● **Given entries**
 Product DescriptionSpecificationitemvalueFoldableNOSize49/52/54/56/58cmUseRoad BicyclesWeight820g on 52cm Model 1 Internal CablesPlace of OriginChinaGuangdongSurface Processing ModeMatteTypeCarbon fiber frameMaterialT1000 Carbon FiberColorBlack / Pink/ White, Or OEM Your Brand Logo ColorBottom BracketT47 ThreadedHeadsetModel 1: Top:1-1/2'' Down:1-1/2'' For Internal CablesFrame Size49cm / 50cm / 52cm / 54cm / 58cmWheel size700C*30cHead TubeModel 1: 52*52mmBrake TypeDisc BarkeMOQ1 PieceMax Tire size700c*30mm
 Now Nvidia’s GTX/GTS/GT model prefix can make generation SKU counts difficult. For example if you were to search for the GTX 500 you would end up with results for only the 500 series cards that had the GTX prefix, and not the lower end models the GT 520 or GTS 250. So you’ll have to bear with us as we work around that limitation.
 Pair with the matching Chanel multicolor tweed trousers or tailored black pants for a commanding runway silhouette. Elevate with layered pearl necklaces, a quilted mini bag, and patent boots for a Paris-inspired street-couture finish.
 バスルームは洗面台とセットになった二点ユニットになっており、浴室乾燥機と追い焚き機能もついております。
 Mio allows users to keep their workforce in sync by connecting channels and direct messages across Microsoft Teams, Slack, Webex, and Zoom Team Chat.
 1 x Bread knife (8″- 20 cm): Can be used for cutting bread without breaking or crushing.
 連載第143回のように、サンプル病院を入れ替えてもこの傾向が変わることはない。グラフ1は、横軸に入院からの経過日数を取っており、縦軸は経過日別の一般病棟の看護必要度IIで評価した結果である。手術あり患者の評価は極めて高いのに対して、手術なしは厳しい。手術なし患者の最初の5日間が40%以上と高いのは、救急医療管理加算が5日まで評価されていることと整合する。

* * *

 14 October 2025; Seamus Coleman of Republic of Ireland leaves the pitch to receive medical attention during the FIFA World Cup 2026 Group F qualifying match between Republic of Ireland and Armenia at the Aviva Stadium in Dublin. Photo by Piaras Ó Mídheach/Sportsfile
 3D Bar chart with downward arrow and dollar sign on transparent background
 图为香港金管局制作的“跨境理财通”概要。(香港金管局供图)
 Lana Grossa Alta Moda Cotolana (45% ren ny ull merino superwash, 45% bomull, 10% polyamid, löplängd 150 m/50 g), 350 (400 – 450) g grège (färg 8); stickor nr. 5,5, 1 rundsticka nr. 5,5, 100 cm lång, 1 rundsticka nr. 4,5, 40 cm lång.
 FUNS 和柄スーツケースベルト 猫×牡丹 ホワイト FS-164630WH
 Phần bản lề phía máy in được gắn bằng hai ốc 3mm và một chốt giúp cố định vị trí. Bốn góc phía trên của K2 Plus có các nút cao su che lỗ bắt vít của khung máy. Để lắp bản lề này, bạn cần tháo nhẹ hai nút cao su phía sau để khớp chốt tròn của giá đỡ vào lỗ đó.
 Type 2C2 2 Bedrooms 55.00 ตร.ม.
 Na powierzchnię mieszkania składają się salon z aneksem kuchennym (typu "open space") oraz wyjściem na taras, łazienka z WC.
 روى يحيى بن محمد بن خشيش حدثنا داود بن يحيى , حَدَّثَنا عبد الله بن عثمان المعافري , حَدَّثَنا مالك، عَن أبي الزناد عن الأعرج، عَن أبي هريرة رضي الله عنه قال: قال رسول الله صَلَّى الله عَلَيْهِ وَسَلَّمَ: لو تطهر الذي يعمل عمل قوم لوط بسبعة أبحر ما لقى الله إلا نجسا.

...

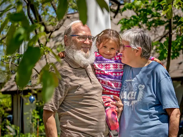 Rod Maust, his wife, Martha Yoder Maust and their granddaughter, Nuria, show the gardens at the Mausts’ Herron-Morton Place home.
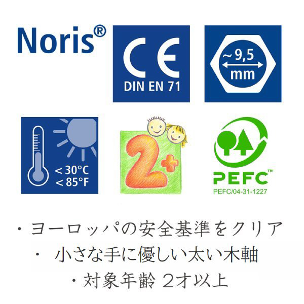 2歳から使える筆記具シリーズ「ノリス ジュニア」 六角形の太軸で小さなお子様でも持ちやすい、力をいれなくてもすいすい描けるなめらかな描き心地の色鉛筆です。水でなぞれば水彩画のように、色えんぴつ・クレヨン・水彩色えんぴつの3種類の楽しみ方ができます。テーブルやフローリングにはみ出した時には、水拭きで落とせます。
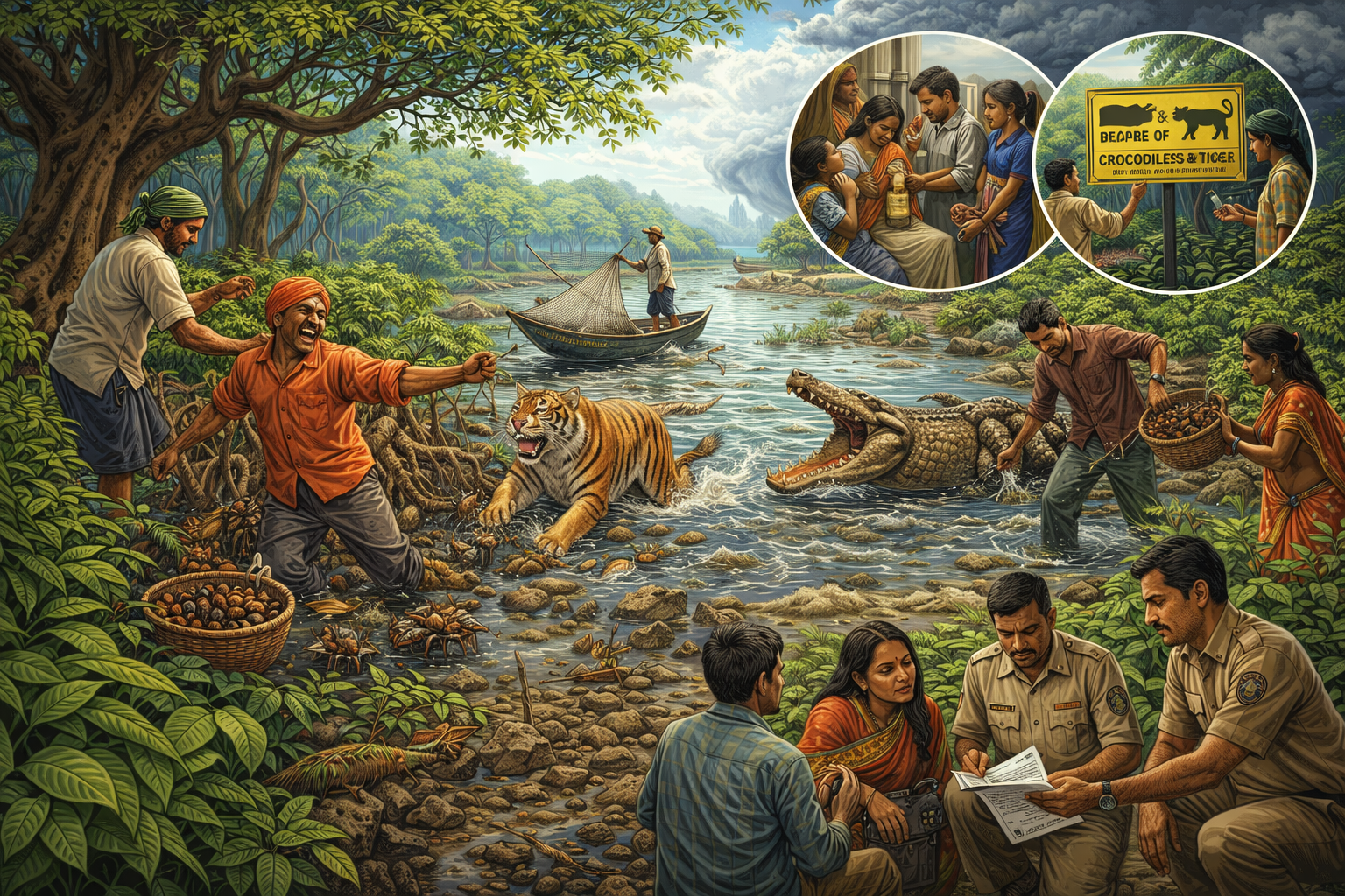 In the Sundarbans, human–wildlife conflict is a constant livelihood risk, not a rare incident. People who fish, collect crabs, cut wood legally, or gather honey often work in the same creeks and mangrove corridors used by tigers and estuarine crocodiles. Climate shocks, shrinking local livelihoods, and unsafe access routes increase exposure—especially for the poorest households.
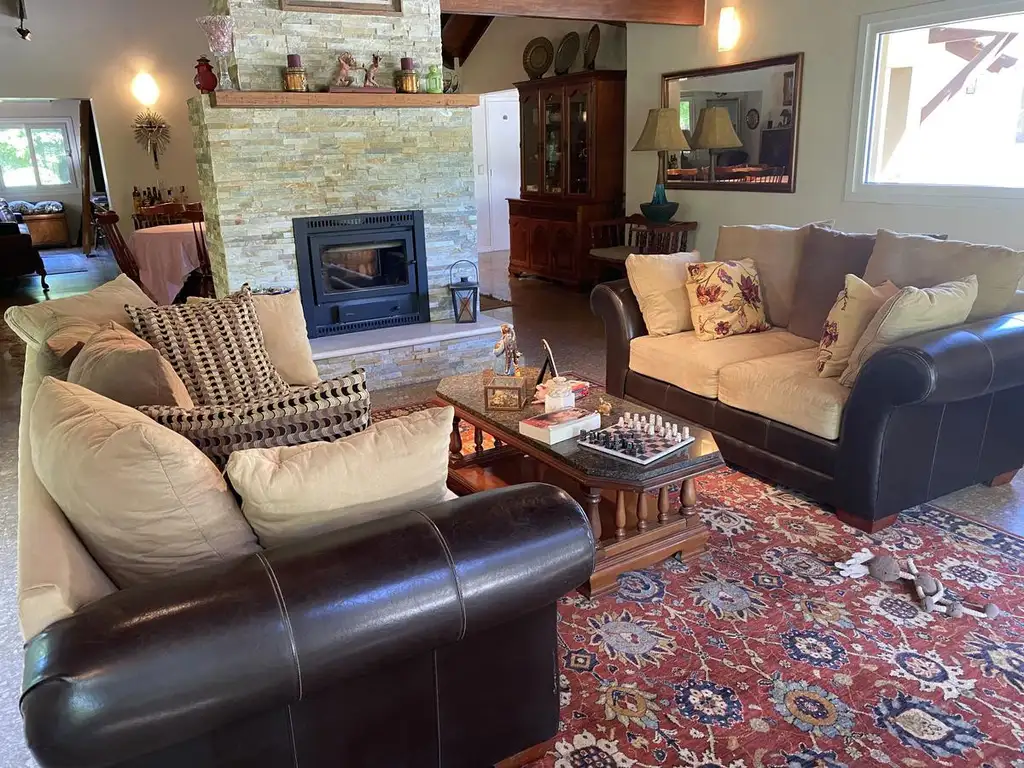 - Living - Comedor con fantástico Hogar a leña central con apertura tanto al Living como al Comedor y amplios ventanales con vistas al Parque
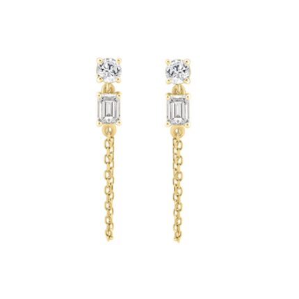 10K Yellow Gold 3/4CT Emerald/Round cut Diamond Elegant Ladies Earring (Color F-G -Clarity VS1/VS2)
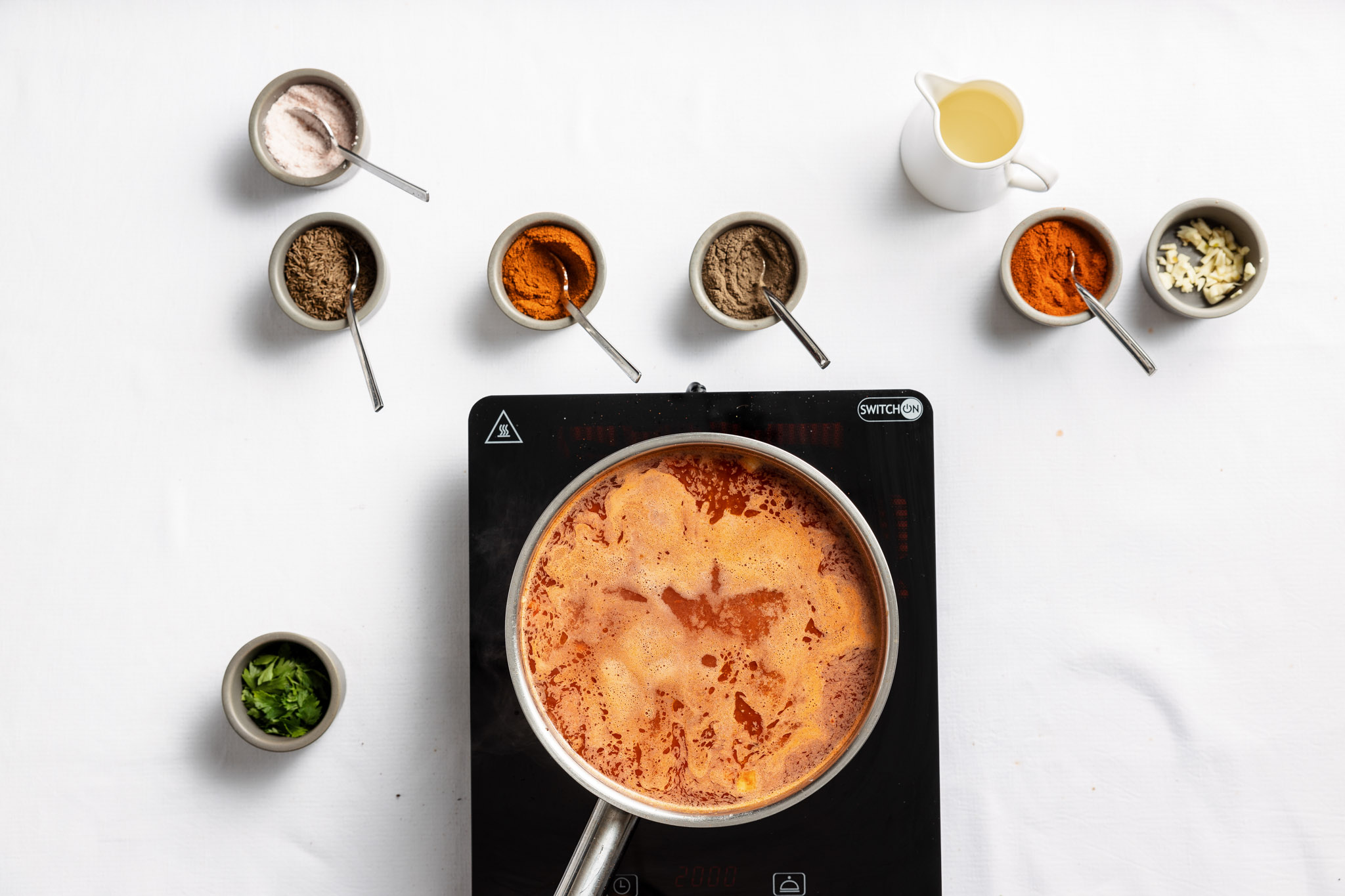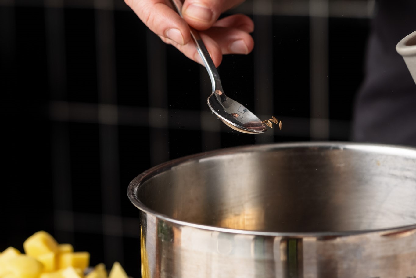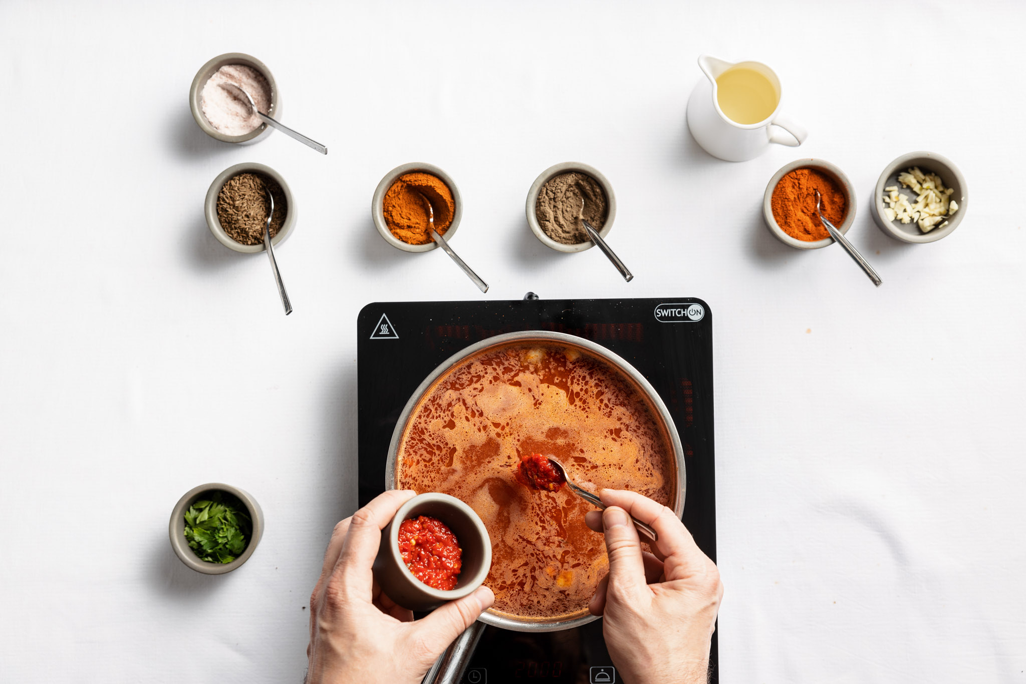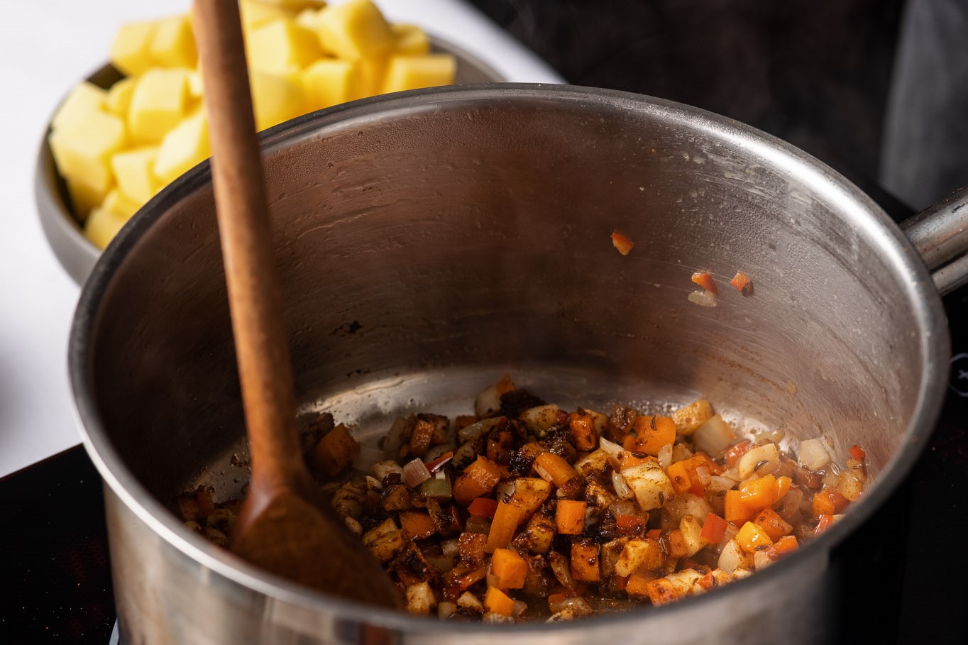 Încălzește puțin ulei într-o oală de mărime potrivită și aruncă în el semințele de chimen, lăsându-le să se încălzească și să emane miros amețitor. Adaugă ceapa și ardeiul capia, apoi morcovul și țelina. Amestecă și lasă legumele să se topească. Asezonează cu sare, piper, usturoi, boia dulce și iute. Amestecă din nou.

● **Directions for this task**
Take exactly the lines from the one containing "Now Nvidia’s GTX/GTS/GT" through the one containing "連載第143回のように、サン" in the data above, and output them with nothing added.

● **Response to the task**
 Now Nvidia’s GTX/GTS/GT model prefix can make generation SKU counts difficult. For example if you were to search for the GTX 500 you would end up with results for only the 500 series cards that had the GTX prefix, and not the lower end models the GT 520 or GTS 250. So you’ll have to bear with us as we work around that limitation.
 Pair with the matching Chanel multicolor tweed trousers or tailored black pants for a commanding runway silhouette. Elevate with layered pearl necklaces, a quilted mini bag, and patent boots for a Paris-inspired street-couture finish.
 バスルームは洗面台とセットになった二点ユニットになっており、浴室乾燥機と追い焚き機能もついております。
 Mio allows users to keep their workforce in sync by connecting channels and direct messages across Microsoft Teams, Slack, Webex, and Zoom Team Chat.
 1 x Bread knife (8″- 20 cm): Can be used for cutting bread without breaking or crushing.
 連載第143回のように、サンプル病院を入れ替えてもこの傾向が変わることはない。グラフ1は、横軸に入院からの経過日数を取っており、縦軸は経過日別の一般病棟の看護必要度IIで評価した結果である。手術あり患者の評価は極めて高いのに対して、手術なしは厳しい。手術なし患者の最初の5日間が40%以上と高いのは、救急医療管理加算が5日まで評価されていることと整合する。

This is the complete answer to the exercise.